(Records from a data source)

[Start of section]

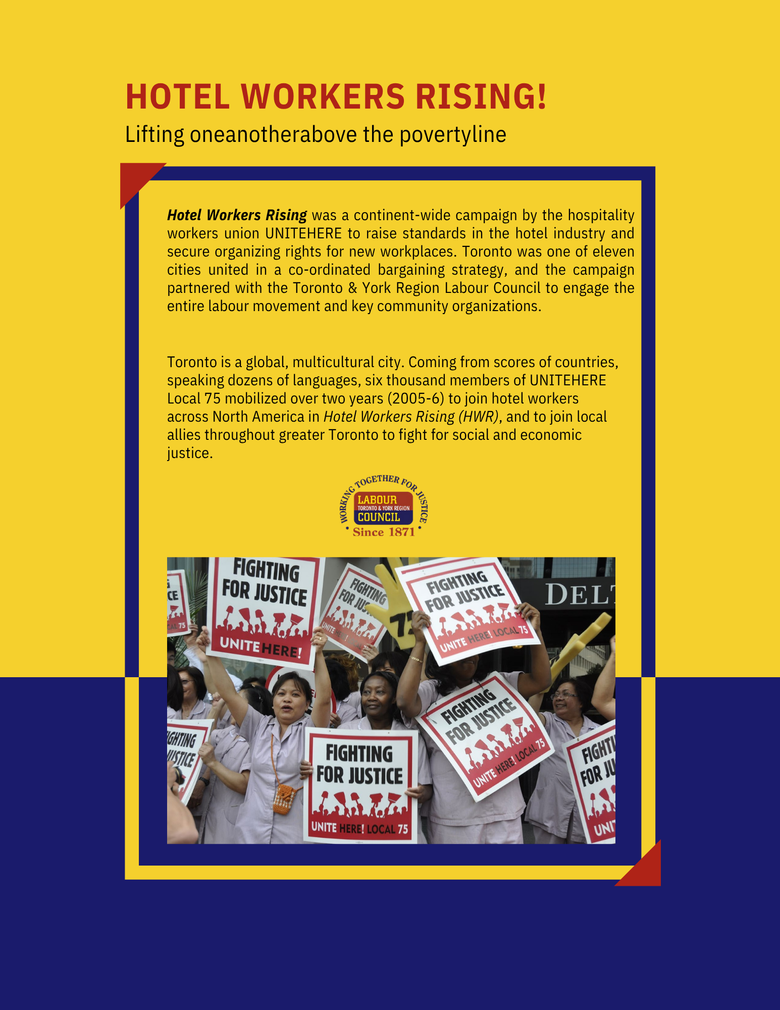 Hotel Workers Rising was a continent-wide campaign by the hospitality workers union UNITEHERE to raise standards in the hotel industry and secure organizing rights for new workplaces. Toronto was one
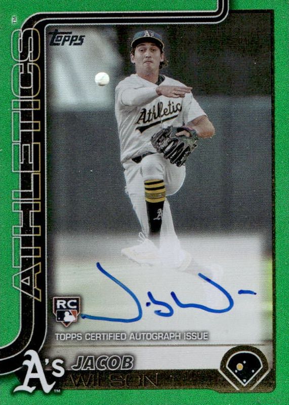 The Jacob Wilson 2025 Topps #314 Flagship Real One Autographs - Green Foil /99 Rookie card in Raw condition has not changed in price in the last 30 days and was last sold for $67.41 .
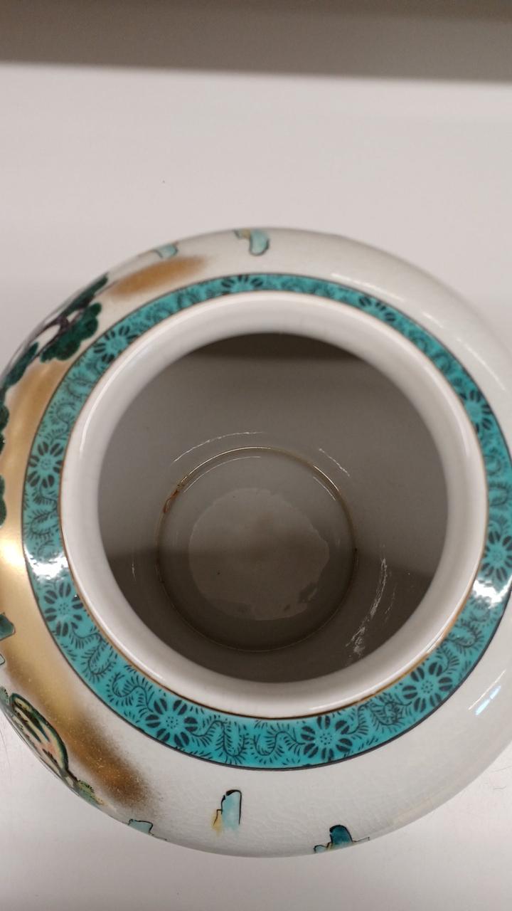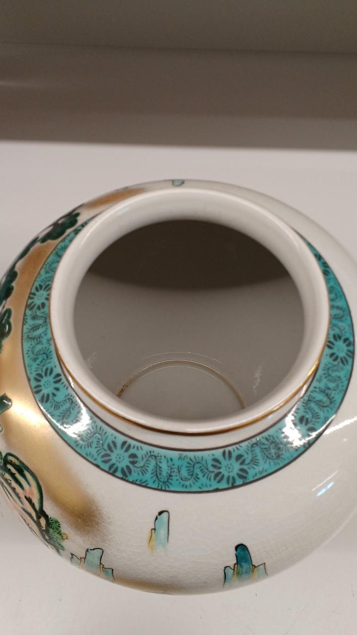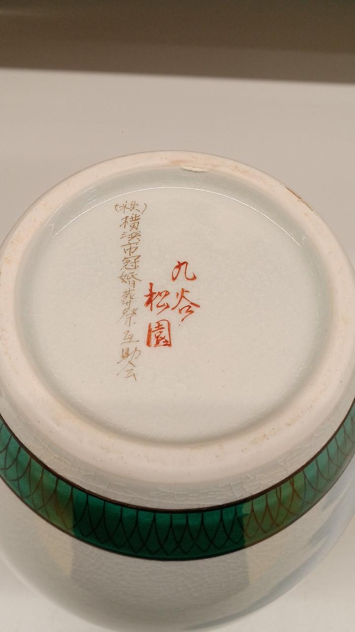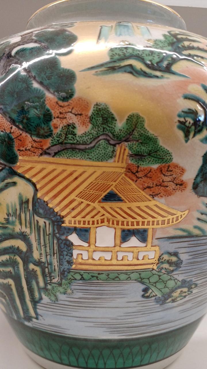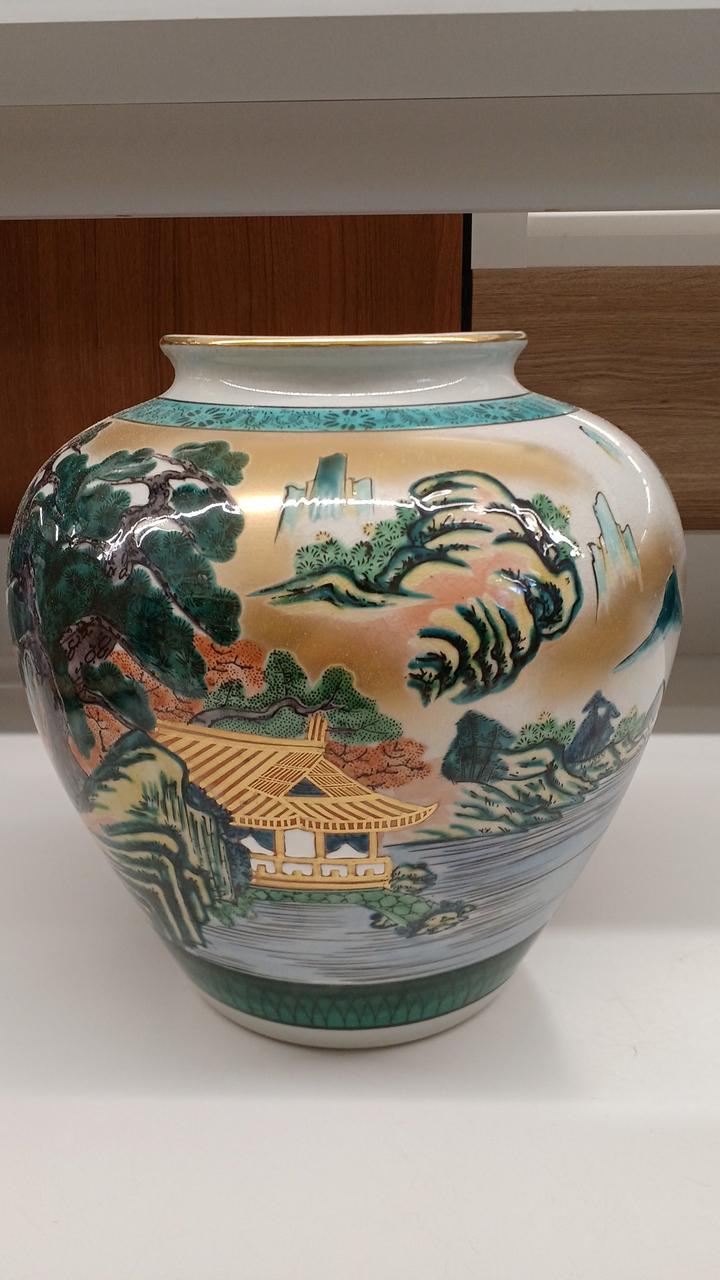 力強い松の木と風景が描かれた金彩が豪華で印象的な壺です!
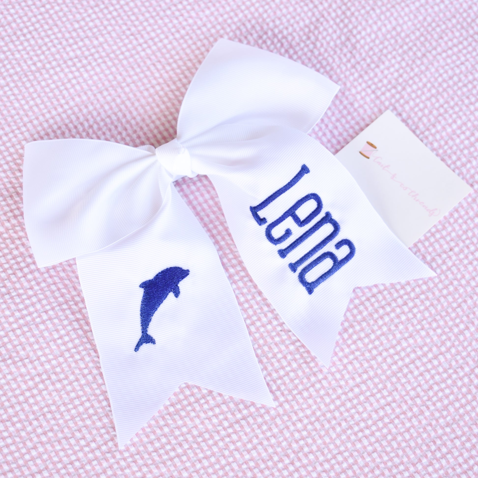 Personalized Dolphin Hair Bow. Approximately 7 inches in width. Alligator clip.
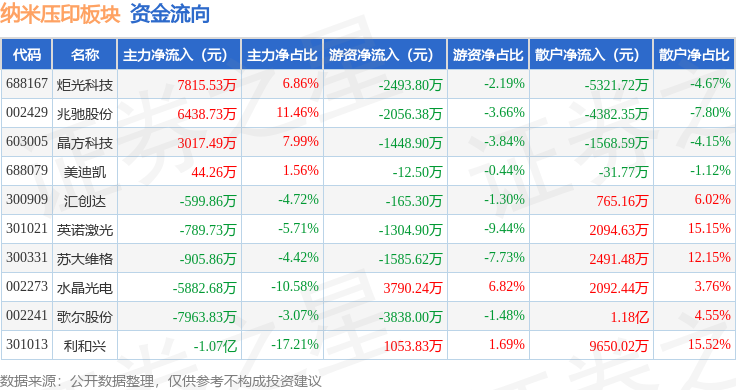 从资金流向上来看,当日纳米压印板块主力资金净流出9529.8万元,游资资金净流出8061.33万元,散户资金净流入1.76亿元。纳米压印板块个股资金流向见下表:
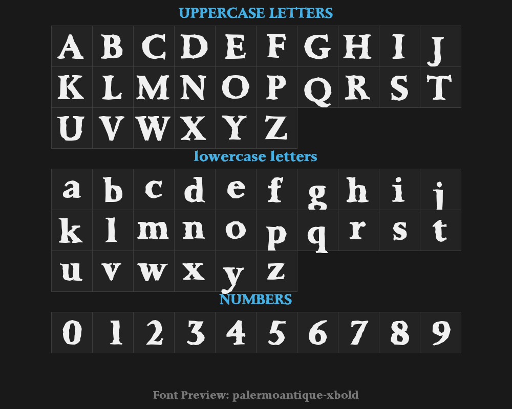 palermoantique-xbold is a font file with a size of 0.08 MB. The full font name is PalermoAntique-Xbold-Regular, Version 1.0 28-08-2002 version. It contains 228 characters, supports 8 Chinese characters. The copyright belongs to PalermoAntique-Xbold. palermoantique-xbold font is available for free download, but commercial use requires confirmation on the PalermoAntique-Xbold official website whether it's free for commercial use.
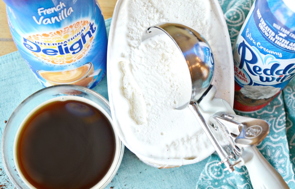 International Delight creamers and Reddi-wip are stocked in our refrigerator year round. Morning coffee is my thing and I usually alternate between International Delight French Vanilla and International Delight Caramel Macchiato creamers. Reddi-wip is also a favorite in my morning coffee. During summertime, we always have ice cream too. If you don’t have coffee, I’m sure it’s just because you’re in the middle of a very hectic summer schedule and just this morning drank the last cup like me. Odds are you already have everything you need to make this yummy drink.
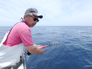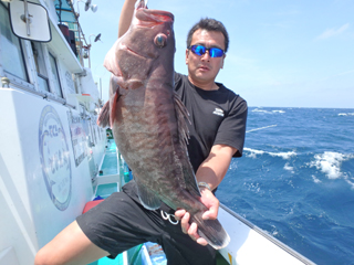 横浜市M様、カンパチ23.4kgGETおめでとうございます! 06/18 銭洲 22.8℃澄み カンパチ9.8-23.4kg0-1計2本、ハタ5.2kg、マダイ1枚
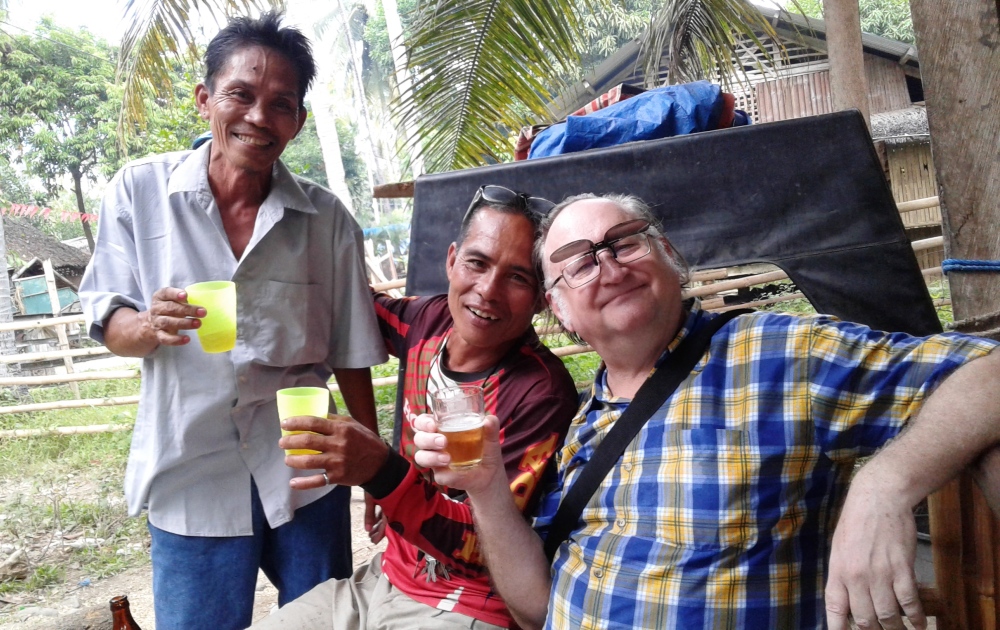 | Myself sharing some San Miguel beer with brother-in-law Selso and our truck-driver Welson, during the Omanod Fiesta on Feb. 22nd 2017 |
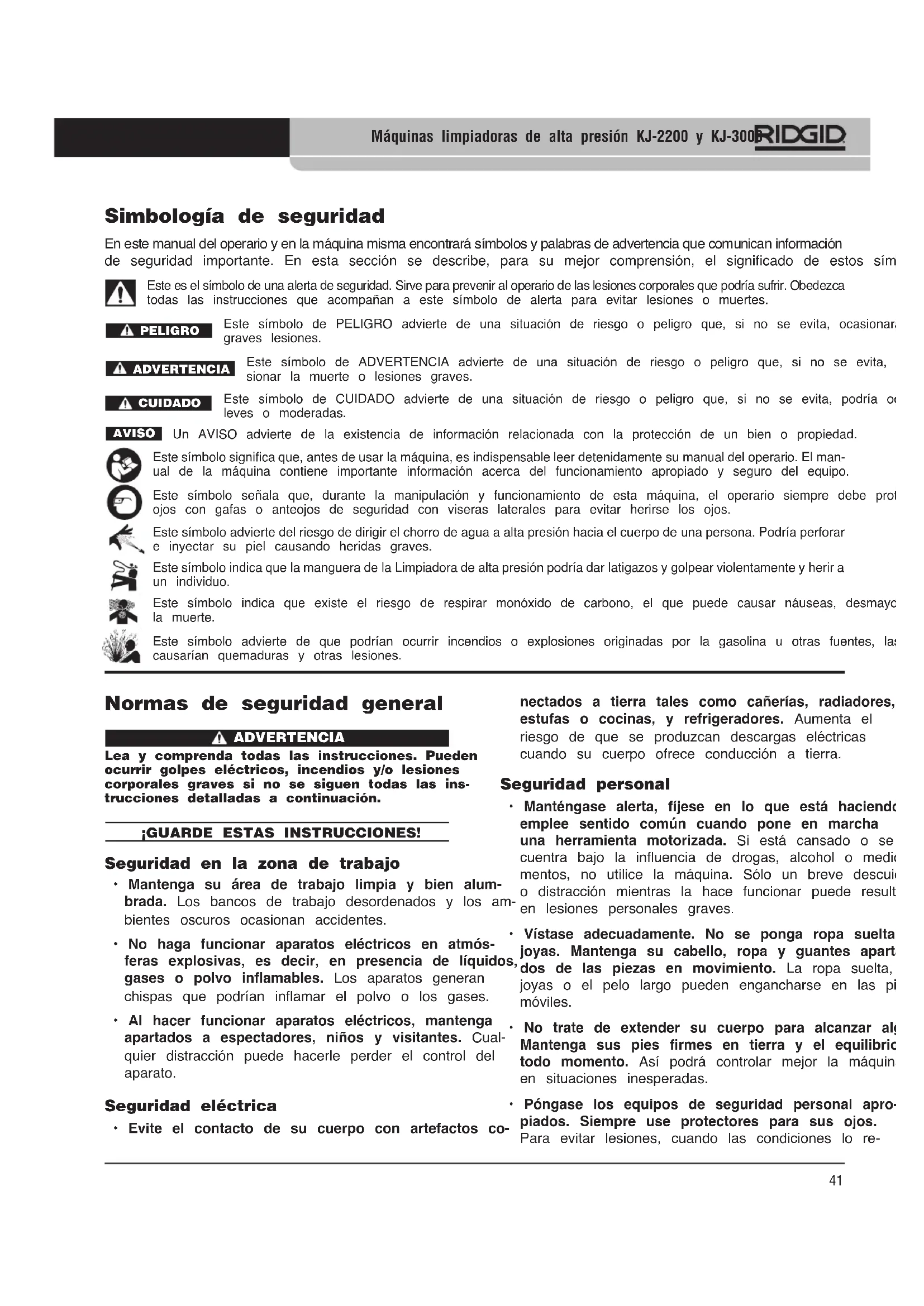Máquinas limpiadoras de alta presión KJ-2200 y KJ-300041 Máquinas limpiadoras de alta presión KJ-2200 y KJ-3000 Normas de seguridad general ADVERTENCIA Lea y comprenda todas las instrucciones. Pueden ocurrir golpes eléctricos, incendios y/o lesiones corporales graves si no se siguen todas las ins- trucciones detalladas a continuación. ¡GUARDE ESTAS INSTRUCCIONES! Seguridad en la zona de trabajo

[End of section]

Task | Only lines belong in the copy: transcribe those from the start of the data through the line that contains "The Jacob Wilson", and skip the pictures.

Completed exercise |
 Hotel Workers Rising was a continent-wide campaign by the hospitality workers union UNITEHERE to raise standards in the hotel industry and secure organizing rights for new workplaces. Toronto was one
 The Jacob Wilson 2025 Topps #314 Flagship Real One Autographs - Green Foil /99 Rookie card in Raw condition has not changed in price in the last 30 days and was last sold for $67.41 .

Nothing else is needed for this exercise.